→ Work request
All pictures must be left out as you transcribe the lines from the first line of the data to the line containing "3 4Step left", both included.

→ Recorded data
────────────────────────────────────────

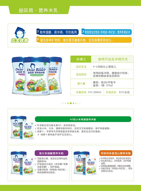 具有20年傳奇科技的中國嬰幼兒營養(yǎng)品工廠-美亨利樂,一直以專注于嬰幼兒營養(yǎng)輔食聞名,并根據(jù)市場反饋需求不斷升級自身產(chǎn)品,為中國嬰幼兒健康成長帶來更多優(yōu)秀產(chǎn)品!癉ear Boser(中譯:親博士)”正是在美亨利樂強大的技術(shù)及產(chǎn)品經(jīng)驗基礎(chǔ)上,為開拓新生代嬰幼兒的個性化成長領(lǐng)域而研發(fā)出來的優(yōu)秀品牌。
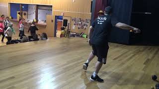 3 4Step left forward, 1/2 turn left sweeping right around into a press forward (weight still left) (3:00)
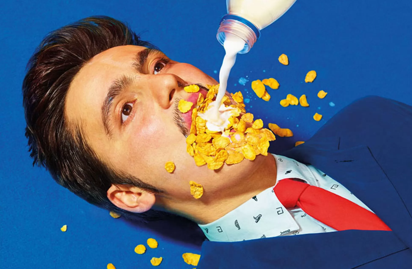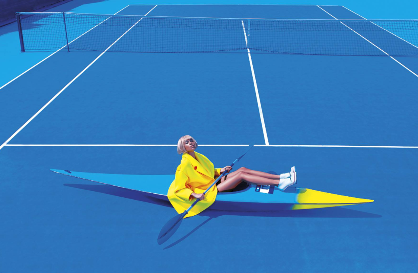L’artiste Maurizio Cattelan et le photographe publicitaire Pierpaolo Ferrari fondent le magazine Toilet Paper en 2010 et le placent sous la direction artistique de Micol Talso. Dans cette édition se rencontrent les visions sulfureuses et provocatrices de M. Cattelan et l’œil aiguisé de P. Ferrari pour créer une imagerie surréaliste. La mise en scène et le cadrage réglé au millimètre nous emmènent dans une narration contre-intuitive dans les relations entre objets et sujets, qui sont le cœur de ces images. Sur une des page de neuvième numéro paru en février 2017, on voit le visage d’un homme en costume bleu, dans la bouche duquel on verse des céréales et du lait. Le sujet (à comprendre la personne) devient un objet au sein de la composition. Dans le numéro onze qui paraît en juin 2015, on peut voir une femme en jaune dans un kayak jaune et bleu sur un terrain de tennis bleu. Cette fois c’est le sens qui s’échappe puisque le canoë n’est pas sur l’eau mais sur la terre ferme. Ces photographies nous font entrer dans un univers surréaliste dont les couleurs chatoyantes rappellent l’esthétique de la publicité des années 1970-80. La palette saturée est souvent présente sous forme d’aplat ou grâce à des vêtements monochromes. C’est par exemple le cas sur la couverture du numéro 17 publié en avril 2019 où l’on retrouve du vert, du rose, du bleu et du rouge grâce aux shorts.
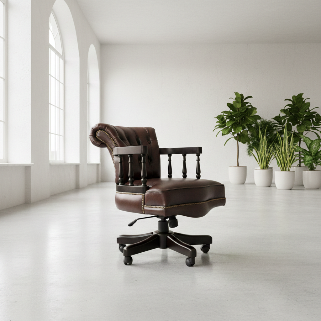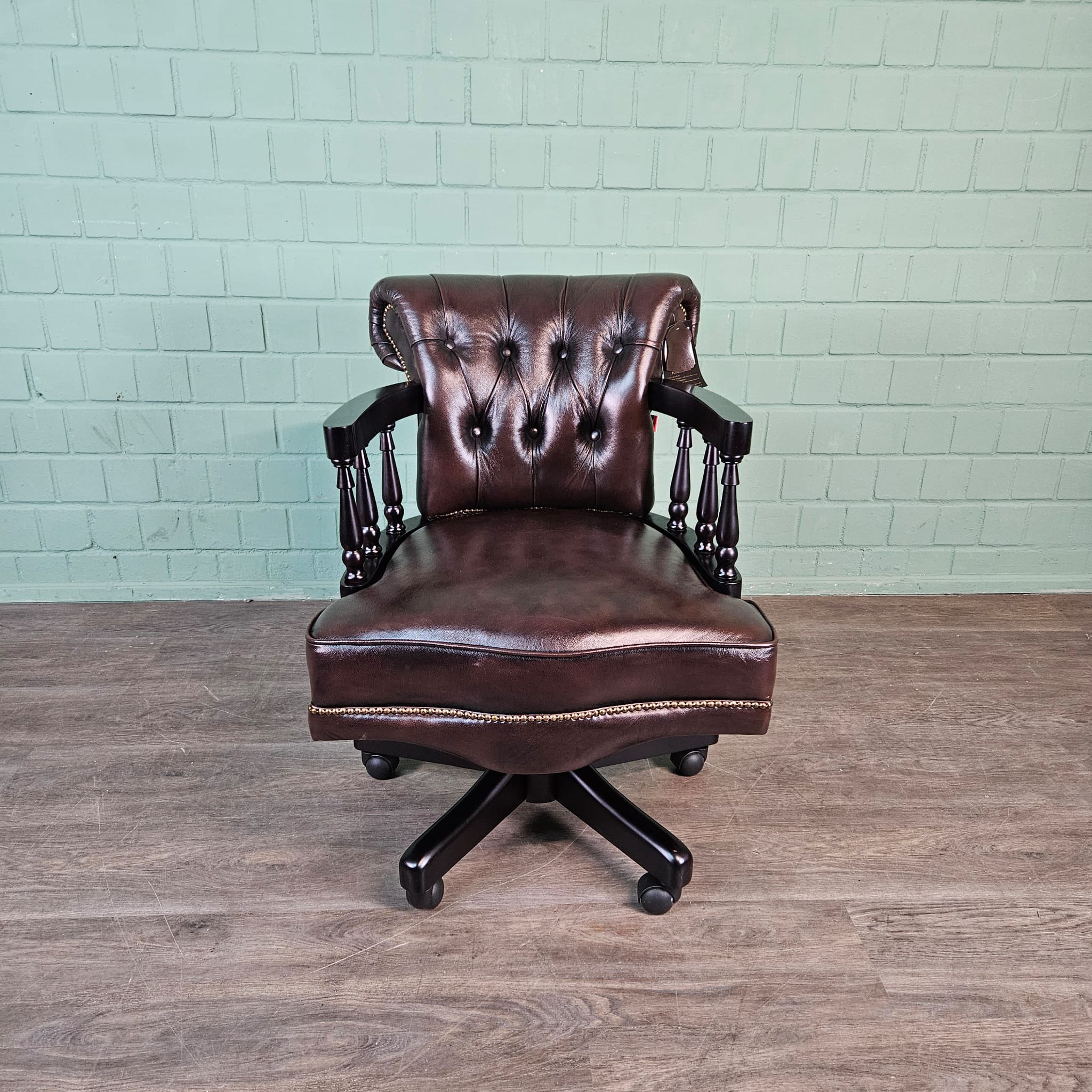 Upgrade uw kantoor met deze klassieke Chesterfield draaistoel. De combinatie van tijdloze elegantie en modern comfort maakt hem de perfecte blikvanger voor elke stijlvolle werkplek of thuiskantoor.

────────────────────────────────────────

→ Response to the task
 具有20年傳奇科技的中國嬰幼兒營養(yǎng)品工廠-美亨利樂,一直以專注于嬰幼兒營養(yǎng)輔食聞名,并根據(jù)市場反饋需求不斷升級自身產(chǎn)品,為中國嬰幼兒健康成長帶來更多優(yōu)秀產(chǎn)品!癉ear Boser(中譯:親博士)”正是在美亨利樂強大的技術(shù)及產(chǎn)品經(jīng)驗基礎(chǔ)上,為開拓新生代嬰幼兒的個性化成長領(lǐng)域而研發(fā)出來的優(yōu)秀品牌。
 3 4Step left forward, 1/2 turn left sweeping right around into a press forward (weight still left) (3:00)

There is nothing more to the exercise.